1. The KV Cache Overhead Problem

📐 In autoregressive transformer decoding, the attention output at step \(n\) is

\[o_n = \sum_{i \in [n]} \text{Score}(i) \cdot v_i, \qquad \text{Score} := \text{softmax}\bigl([\langle q_n, k_1\rangle, \ldots, \langle q_n, k_n\rangle]\bigr).\]

To avoid recomputing all keys and values from scratch, the model caches \(\{k_i, v_i\}_{i \in [n]}\) — the KV cache. For long contexts this cache dominates GPU memory.

The natural fix is quantization: store each FP16/BF16 number in fewer bits. But every existing method (KIVI, KVQuant, etc.) groups coordinates into blocks and stores a zero point and scale per block. Depending on block size, this metadata adds ≈1–2 extra bits per quantized value, nearly doubling the apparent saving.

Why metadata overhead is unavoidable in classical quantization

Classical uniform quantizers map \([x_{\min}, x_{\max}]\) to \(\{0, 1, \ldots, 2^b - 1\}\). To dequantize you need \(x_{\min}\) and the step size \(\Delta = (x_{\max} - x_{\min})/2^b\). Storing these two FP16 numbers per block of \(G\) coordinates adds \(32/G\) bits per coordinate. For \(G = 16\), this is \(+2\) bits — a major fraction of a 3-bit quantizer.

What is a 3-bit quantizer?

A \(b\)-bit uniform quantizer maps a scalar \(x \in [x_{\min}, x_{\max}]\) to one of \(2^b\) equally-spaced levels \(\{0, 1, \ldots, 2^b - 1\}\) via \[\hat{x} = \left\lfloor \frac{x - x_{\min}}{\Delta} \right\rfloor, \qquad \Delta = \frac{x_{\max} - x_{\min}}{2^b - 1}.\] For \(b = 3\) there are 8 levels; each value is stored in 3 bits. Dequantization recovers \(x \approx x_{\min} + \hat{x}\cdot\Delta\), which requires \(x_{\min}\) and \(\Delta\) (or equivalently a zero-point and scale).
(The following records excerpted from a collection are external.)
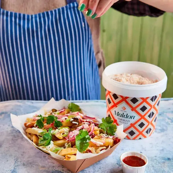 Maldon Smoked Sea Salt Flakes - 500g Tub Hand-harvested sea salt flakes, gently smoked over oak for a deep, rich, bold taste that's great with fish and grilled veg. Fantastic flavour at your fingertips.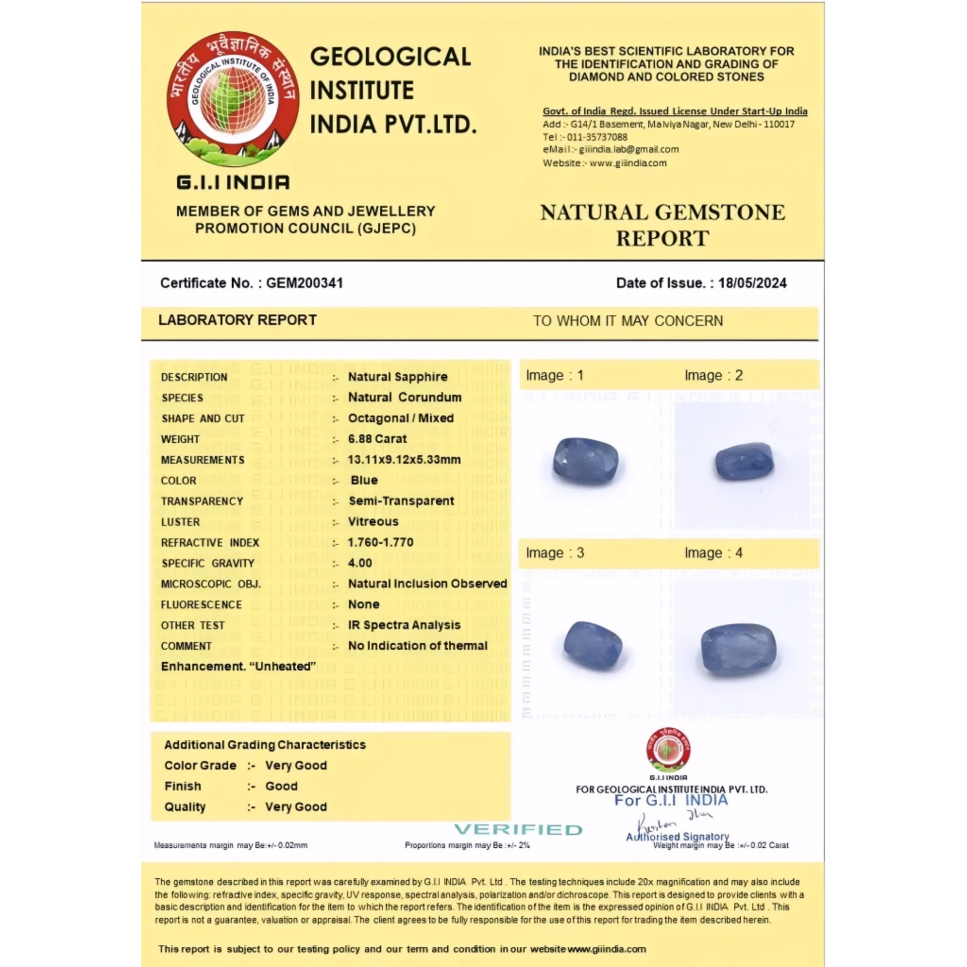 Natural Ceylon Blue Sapphire Untreated & Unheated GIA/IGI Certified 6.88 carat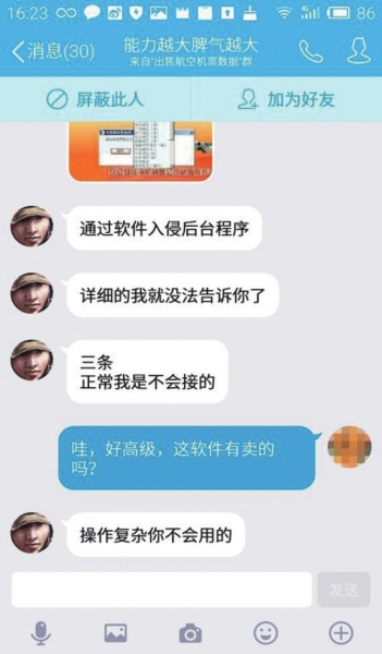 記者以求購機(jī)票信息為名在網(wǎng)上找到了十幾名以此為業(yè)的QQ用戶。其中,用戶名為“能力越大脾氣越大”的用戶告訴記者,每條航空機(jī)票信息售價18元,可以挑選特定的航空公司,買多了,價格還可以優(yōu)惠。他告訴記者,自己是通過軟件入侵后臺程序“調(diào)取”機(jī)票信息,而且都是客戶有需求的時候才去“調(diào)取”,保證信息新鮮有效。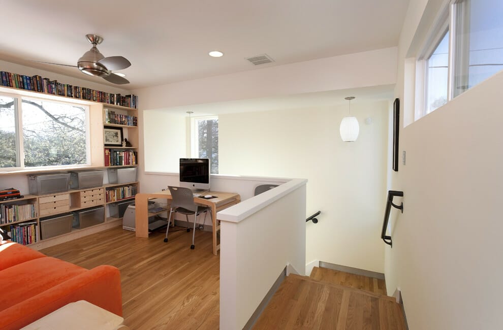 Besides, the silver ceiling fan ensures the homeowner enjoys working from home. In addition, the bright orange sofa counteracts the plain white half wall.
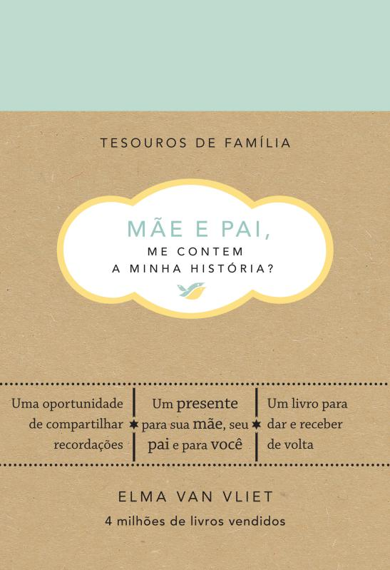 A coleção Tesouros de Família já vendeu 4 milhões de livros no mundo.Um presente para dar e receber de volta.Elma van Vliet já encantou milhares de pessoas ao redor do mundo com livros que nos ajudam a resgatar preciosas lembranças de família.Agora, em Mãe e pai, me contem a minha história?, ela oferece aos pais um espaço para registrar os acontecimentos mais marcantes da vida de seus filhos, desde o início da gestação até os 12 anos.Trazendo perguntas específicas para serem respondidas pelo pai e pela mãe – e outras tantas voltadas para os dois – este baú de recordações vai levar a família a uma deliciosa viagem de volta ao passado. O tempo passa rápido demais e as memórias da infância são muito especiais para serem esquecidas.Com espaço para escrever, colar fotografias e incluir o que mais desejar, este livro é um presente valioso. Afinal, os verdadeiros tesouros de família são as lembranças que compartilhamos com as pessoas que amamos.Normalmente não devolvemos os presentes que ganhamos, mas este livro é uma exceção à regra. A intenção é que seus pais o preencham e depois o devolvam a você.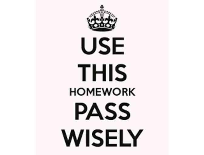 Sometimes, you just don't feel like getting the work done. Or, maybe you're super busy and it's bedtime when you realize you haven't done homework. Have no fear...the winner of this auction gets 4 Homework Passes to use during the remainder of this school year!!!! Woohoo!

These constants must be stored alongside the quantized values — the source of the overhead described above.

QJL sidesteps metadata entirely by replacing the classical quantizer with a sketching operation whose output distribution is analytically known from the design of the sketch.

What is a sketch / sketching operation?

A sketch (or linear sketch) of a vector \(x \in \mathbb{R}^d\) is a compressed representation \(Sx \in \mathbb{R}^m\) produced by a random linear map \(S \in \mathbb{R}^{m \times d}\) with \(m \ll d\). The sketching operation is the act of applying \(S\). Unlike classical quantization, the output distribution of \(Sx\) is determined entirely by the distribution of \(S\) — no per-vector calibration constants (zero-point, scale) are needed to interpret the result. The Johnson–Lindenstrauss transform is a canonical sketch: for \(S_{ij} \overset{\text{i.i.d.}}{\sim} \mathcal{N}(0,1)\), the rescaled sketch \(\frac{1}{\sqrt{m}}Sx\) preserves \(\ell_2\) norms and pairwise inner products up to \((1\pm\varepsilon)\) with high probability. QJL goes one step further by sign-quantizing the sketch output (\(\operatorname{sign}(Sk) \in \{-1,+1\}^m\)), reducing storage to 1 bit per sketch coordinate.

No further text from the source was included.